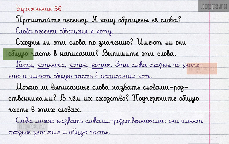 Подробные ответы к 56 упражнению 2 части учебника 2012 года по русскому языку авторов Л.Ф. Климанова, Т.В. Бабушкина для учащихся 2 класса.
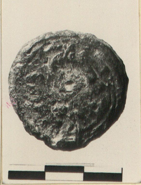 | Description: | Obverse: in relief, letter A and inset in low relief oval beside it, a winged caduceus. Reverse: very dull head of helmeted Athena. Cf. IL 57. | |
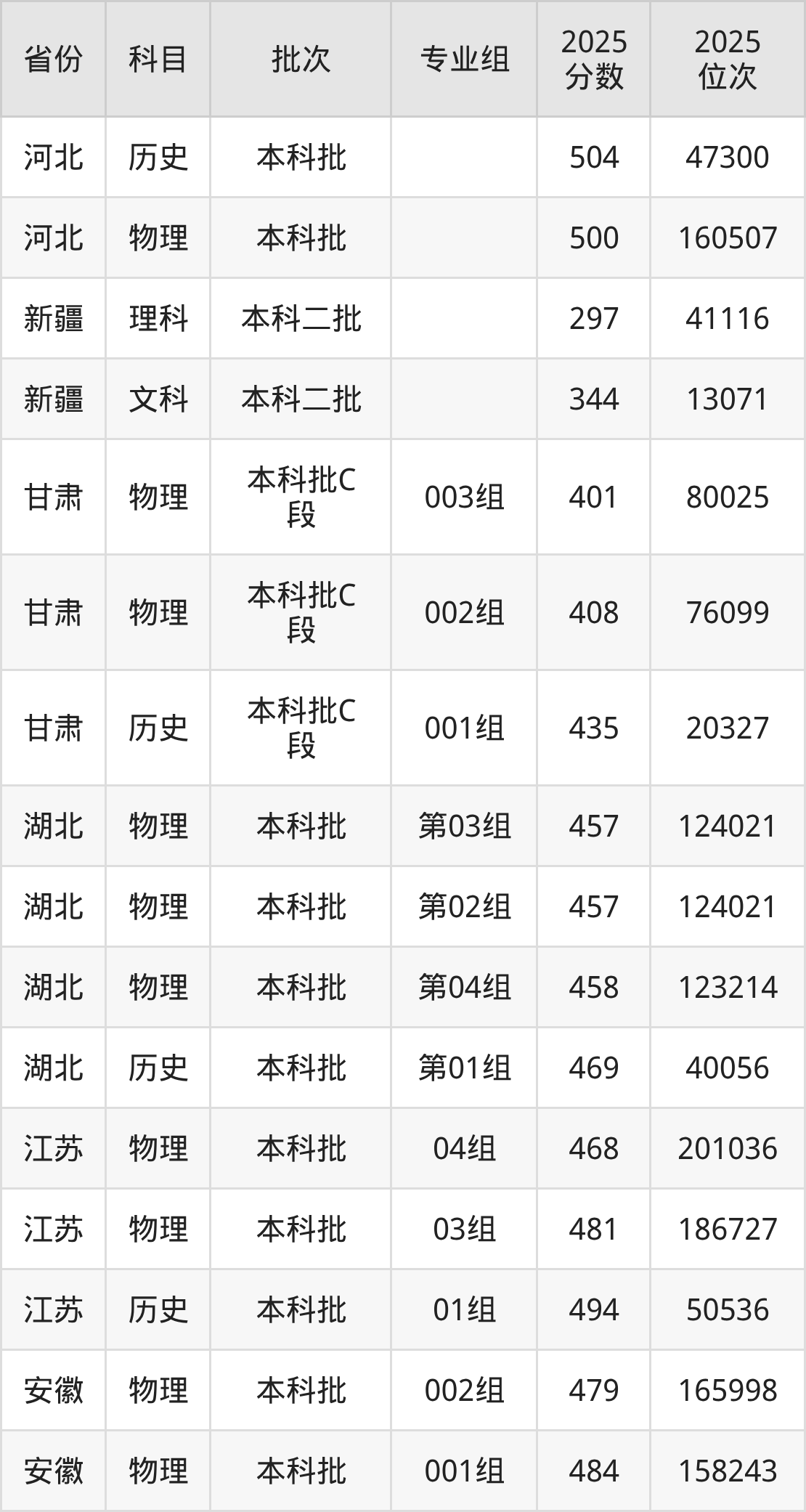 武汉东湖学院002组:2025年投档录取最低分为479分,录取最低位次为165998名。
==
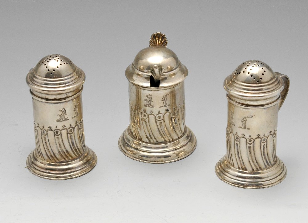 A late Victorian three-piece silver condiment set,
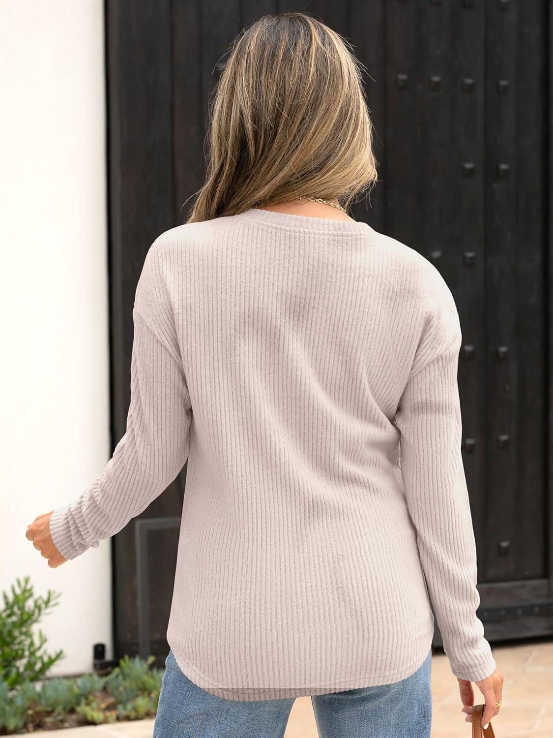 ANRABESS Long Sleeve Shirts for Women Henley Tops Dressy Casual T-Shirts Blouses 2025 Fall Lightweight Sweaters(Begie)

### About this exercise
Print nothing but the lines above starting with the line that contains "A late Victorian" and going on through the line that contains "ANRABESS Long Sleeve". Leave out the pictures.

### Response to the task
 A late Victorian three-piece silver condiment set,
 ANRABESS Long Sleeve Shirts for Women Henley Tops Dressy Casual T-Shirts Blouses 2025 Fall Lightweight Sweaters(Begie)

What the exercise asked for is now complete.